§ Provided records
• • •
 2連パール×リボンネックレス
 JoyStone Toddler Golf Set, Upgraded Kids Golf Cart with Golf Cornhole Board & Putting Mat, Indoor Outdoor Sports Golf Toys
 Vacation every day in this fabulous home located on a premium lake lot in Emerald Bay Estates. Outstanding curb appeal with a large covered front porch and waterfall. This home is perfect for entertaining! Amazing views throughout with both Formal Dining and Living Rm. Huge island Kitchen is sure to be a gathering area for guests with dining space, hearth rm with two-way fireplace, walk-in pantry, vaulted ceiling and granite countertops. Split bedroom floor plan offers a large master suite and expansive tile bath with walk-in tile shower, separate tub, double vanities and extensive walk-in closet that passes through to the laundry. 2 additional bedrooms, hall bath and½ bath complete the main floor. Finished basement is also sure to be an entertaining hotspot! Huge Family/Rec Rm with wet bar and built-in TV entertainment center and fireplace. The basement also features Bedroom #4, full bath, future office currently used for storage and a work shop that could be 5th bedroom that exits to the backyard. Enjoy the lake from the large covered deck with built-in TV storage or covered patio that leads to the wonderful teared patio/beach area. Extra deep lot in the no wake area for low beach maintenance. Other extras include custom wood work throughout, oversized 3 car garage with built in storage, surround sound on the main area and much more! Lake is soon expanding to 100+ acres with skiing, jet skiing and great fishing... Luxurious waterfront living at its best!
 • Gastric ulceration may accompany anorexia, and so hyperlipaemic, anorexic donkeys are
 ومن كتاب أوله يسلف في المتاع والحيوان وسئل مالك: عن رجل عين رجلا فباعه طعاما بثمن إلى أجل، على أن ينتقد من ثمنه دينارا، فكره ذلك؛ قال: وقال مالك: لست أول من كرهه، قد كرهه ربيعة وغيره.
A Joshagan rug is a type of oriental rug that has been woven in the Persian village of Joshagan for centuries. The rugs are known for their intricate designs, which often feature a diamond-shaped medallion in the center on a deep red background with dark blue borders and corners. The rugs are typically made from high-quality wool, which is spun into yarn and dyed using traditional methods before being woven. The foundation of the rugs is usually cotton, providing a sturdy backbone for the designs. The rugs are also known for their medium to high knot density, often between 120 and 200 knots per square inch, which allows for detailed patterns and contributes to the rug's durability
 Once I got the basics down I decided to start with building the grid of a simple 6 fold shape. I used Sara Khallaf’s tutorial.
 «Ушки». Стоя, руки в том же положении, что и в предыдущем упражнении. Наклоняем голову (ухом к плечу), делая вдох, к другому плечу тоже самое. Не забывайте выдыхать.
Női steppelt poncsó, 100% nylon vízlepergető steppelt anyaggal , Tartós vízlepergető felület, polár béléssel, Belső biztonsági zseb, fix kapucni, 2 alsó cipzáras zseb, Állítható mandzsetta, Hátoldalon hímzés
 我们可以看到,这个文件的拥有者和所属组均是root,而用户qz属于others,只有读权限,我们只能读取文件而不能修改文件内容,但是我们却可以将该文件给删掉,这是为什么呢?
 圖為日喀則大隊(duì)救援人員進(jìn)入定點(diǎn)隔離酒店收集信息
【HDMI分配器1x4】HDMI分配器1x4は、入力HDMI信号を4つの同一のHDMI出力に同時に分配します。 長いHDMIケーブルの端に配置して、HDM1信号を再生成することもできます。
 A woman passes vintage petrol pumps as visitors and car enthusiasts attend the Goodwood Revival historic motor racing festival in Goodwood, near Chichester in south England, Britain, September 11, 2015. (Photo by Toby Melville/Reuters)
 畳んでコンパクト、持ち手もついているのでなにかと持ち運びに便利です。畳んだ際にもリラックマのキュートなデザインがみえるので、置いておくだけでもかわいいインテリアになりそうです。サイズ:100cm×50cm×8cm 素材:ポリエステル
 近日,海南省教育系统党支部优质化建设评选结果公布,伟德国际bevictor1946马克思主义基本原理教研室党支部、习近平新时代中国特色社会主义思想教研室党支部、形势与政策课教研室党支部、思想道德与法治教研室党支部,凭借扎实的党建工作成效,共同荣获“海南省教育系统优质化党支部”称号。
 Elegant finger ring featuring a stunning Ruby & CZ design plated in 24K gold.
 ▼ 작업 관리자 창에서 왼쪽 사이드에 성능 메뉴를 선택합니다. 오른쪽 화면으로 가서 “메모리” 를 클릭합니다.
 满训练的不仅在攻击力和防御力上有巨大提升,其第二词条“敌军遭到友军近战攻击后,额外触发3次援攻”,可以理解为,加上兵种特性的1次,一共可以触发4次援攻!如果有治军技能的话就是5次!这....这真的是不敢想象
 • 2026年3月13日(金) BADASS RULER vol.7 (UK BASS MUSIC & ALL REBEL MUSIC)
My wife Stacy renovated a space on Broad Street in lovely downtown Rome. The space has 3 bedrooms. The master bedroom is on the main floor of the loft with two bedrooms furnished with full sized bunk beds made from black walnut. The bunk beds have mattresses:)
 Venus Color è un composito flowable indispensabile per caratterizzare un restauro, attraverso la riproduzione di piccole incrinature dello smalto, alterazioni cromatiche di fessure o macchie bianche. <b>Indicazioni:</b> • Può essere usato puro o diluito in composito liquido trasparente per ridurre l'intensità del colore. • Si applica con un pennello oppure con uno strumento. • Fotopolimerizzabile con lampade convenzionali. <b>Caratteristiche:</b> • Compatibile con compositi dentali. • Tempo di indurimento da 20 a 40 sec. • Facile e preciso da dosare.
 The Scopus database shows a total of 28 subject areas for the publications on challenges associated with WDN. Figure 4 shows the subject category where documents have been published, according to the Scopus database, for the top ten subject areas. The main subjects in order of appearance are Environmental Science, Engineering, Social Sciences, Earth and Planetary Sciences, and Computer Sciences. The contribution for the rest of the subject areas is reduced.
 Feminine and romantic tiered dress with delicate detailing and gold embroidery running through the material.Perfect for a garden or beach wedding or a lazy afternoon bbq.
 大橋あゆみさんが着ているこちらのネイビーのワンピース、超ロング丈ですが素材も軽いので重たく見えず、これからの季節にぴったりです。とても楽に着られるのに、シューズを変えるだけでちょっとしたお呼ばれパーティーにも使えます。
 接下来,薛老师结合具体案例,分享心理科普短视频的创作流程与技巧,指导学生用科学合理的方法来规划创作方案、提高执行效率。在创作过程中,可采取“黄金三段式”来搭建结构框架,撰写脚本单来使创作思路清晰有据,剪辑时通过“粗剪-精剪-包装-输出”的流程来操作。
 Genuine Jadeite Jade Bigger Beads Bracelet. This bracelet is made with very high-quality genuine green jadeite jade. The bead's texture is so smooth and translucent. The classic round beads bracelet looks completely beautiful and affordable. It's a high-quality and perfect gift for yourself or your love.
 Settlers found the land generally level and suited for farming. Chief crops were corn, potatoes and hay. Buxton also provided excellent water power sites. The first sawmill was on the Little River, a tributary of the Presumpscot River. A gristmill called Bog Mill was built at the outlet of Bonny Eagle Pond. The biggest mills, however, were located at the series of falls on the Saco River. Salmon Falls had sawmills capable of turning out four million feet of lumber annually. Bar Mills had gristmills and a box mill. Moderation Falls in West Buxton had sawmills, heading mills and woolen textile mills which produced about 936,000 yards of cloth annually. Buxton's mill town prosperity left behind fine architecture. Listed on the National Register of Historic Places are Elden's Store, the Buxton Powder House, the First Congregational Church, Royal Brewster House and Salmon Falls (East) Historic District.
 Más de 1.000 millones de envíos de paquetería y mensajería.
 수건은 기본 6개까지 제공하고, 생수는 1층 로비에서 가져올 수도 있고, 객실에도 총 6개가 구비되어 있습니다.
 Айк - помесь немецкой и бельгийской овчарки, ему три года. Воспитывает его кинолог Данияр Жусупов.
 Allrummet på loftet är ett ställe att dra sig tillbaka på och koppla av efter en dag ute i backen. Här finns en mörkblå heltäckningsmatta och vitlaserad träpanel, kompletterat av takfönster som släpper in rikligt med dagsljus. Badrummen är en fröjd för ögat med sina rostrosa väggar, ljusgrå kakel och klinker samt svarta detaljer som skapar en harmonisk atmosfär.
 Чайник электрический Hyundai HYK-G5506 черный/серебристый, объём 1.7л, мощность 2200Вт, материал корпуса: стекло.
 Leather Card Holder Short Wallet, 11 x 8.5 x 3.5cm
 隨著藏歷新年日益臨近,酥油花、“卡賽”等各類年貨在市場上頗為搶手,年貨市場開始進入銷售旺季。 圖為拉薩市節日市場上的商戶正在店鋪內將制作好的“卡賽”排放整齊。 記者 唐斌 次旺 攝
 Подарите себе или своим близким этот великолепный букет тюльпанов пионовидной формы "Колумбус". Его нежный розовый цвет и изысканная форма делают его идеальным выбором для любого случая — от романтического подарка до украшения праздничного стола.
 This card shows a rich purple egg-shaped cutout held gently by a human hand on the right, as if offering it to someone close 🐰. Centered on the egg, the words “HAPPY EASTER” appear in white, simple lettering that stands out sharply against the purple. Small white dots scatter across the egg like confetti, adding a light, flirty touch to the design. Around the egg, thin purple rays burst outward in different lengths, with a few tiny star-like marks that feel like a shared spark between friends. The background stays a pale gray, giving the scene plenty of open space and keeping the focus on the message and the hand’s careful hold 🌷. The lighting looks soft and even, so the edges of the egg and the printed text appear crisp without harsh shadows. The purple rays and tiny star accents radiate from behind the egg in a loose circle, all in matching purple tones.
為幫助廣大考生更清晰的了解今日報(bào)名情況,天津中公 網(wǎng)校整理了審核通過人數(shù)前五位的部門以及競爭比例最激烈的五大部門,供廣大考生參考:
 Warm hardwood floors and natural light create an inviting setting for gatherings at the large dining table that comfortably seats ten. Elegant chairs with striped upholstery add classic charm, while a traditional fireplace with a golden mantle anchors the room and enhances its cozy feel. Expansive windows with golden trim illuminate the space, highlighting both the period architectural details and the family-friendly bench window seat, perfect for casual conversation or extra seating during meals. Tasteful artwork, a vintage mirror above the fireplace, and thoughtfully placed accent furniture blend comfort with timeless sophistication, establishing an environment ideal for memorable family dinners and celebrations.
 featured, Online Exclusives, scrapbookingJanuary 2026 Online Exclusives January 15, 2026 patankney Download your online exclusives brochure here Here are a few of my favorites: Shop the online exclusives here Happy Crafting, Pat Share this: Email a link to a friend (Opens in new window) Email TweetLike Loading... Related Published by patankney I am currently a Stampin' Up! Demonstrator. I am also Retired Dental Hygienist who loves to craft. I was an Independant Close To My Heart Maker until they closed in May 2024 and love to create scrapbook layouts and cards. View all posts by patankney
• • •
§ Directions for this task
Please reply with an exact copy of the lines above, starting at the first and ending at the line that holds "JoyStone Toddler Golf".

§ Response to this task
 2連パール×リボンネックレス
 JoyStone Toddler Golf Set, Upgraded Kids Golf Cart with Golf Cornhole Board & Putting Mat, Indoor Outdoor Sports Golf Toys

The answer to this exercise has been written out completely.